Membership comprises multinational corporations (for example, TotalEnergies SE, Chevron Corporation, ENI), national oil companies, and corporate service providers, alongside civil-society observers including Clean Air Task Force and Natural Resources Defense Council. Governance is overseen by a secretariat hosted by the United Nations Environment Programme, with advisory inputs from technical committees that include experts from European Space Agency, U.S. Environmental Protection Agency, and academic centers such as Stanford University and Imperial College London. Decision-making balances corporate commitments, NGO scrutiny, and intergovernmental expectations exemplified by coordination with Organisation for Economic Co-operation and Development stakeholders.
OGMP 2.0 introduced a tiered MRV framework that integrates bottom-up methods (facility-level gas analyzers, optical gas imaging) and top-down approaches (airborne surveys, satellite retrievals from platforms like Sentinel-5P and Landsat). Reporting templates align with IPCC tiers and encourage reconciliation of discrepancies between company-inventory estimates and atmospheric measurements produced by institutions such as European Centre for Medium-Range Weather Forecasts and research groups at Harvard University. Verification protocols call on third-party auditors, peer review by participating NGOs, and use of standardized metadata to enhance comparability across operators in diverse legal environments including Russia and Canada.
OGMP members have implemented projects ranging from methane leak detection and repair programs in basin operations like the Permian Basin and the Kashagan Field, to pilot deployments of continuous monitoring sensors in collaboration with technology firms such as Picarro and Sensors & Software.
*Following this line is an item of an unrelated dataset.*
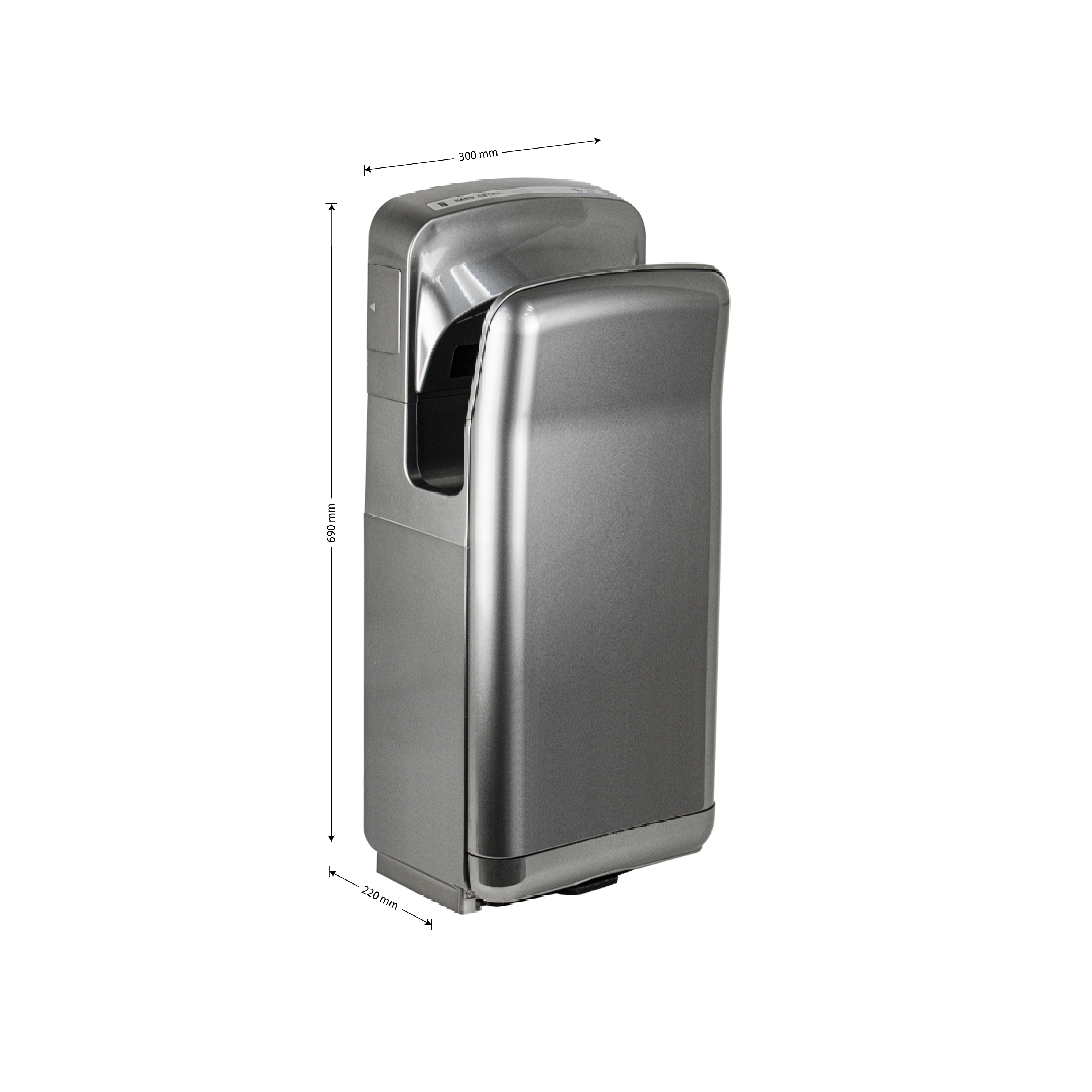 Сушилка для рук погружная, высокоскоростная, бизнес класса, корпус пластик АБС, цвет серый, с неоновой подсветкой. Питание-220 В / 50 Гц. Номинальная мощность - 2000 Вт. Класс водонепроницаемости - IPX4. Время сушки-7 сек. Габаритные размеры: высота 690 мм, ширина 300 мм, глубина 220 мм. Вес - 8.96 кг, объем - 0,07 м3. В комплекте сушилка, паспорт, крепёж.

Partnerships have funded capacity-building initiatives in developing-country contexts, working with multilateral lenders like the International Finance Corporation and bilateral partners including the United Kingdom Department for International Development and the Norwegian Agency for Development Cooperation. Demonstration projects often reference operational best practices from American Petroleum Institute standards and align with corporate net-zero targets announced by companies on indices such as the FTSE 100 and the S&P 500.
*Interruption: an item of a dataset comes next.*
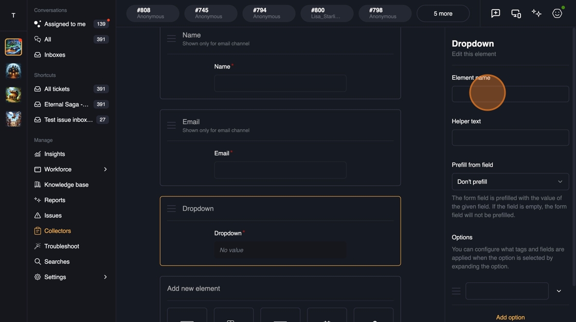 Each element type has a bit different options but let's go through creating a dropdown element as an example.

Critiques of OGMP include concerns about voluntary commitment efficacy, potential greenwashing by listed companies, and uneven uptake across national oil companies in regions such as Middle East and parts of Africa. Observers from Amnesty International and investigative journalism outlets like The Guardian have highlighted gaps between reported inventories and satellite-detected emissions hotspots. Technical challenges persist in reconciling bottom-up inventories with top-down atmospheric data, ensuring impartial third-party verification in jurisdictions with limited regulatory oversight, and scaling continuous monitoring technologies cost-effectively across dispersed assets.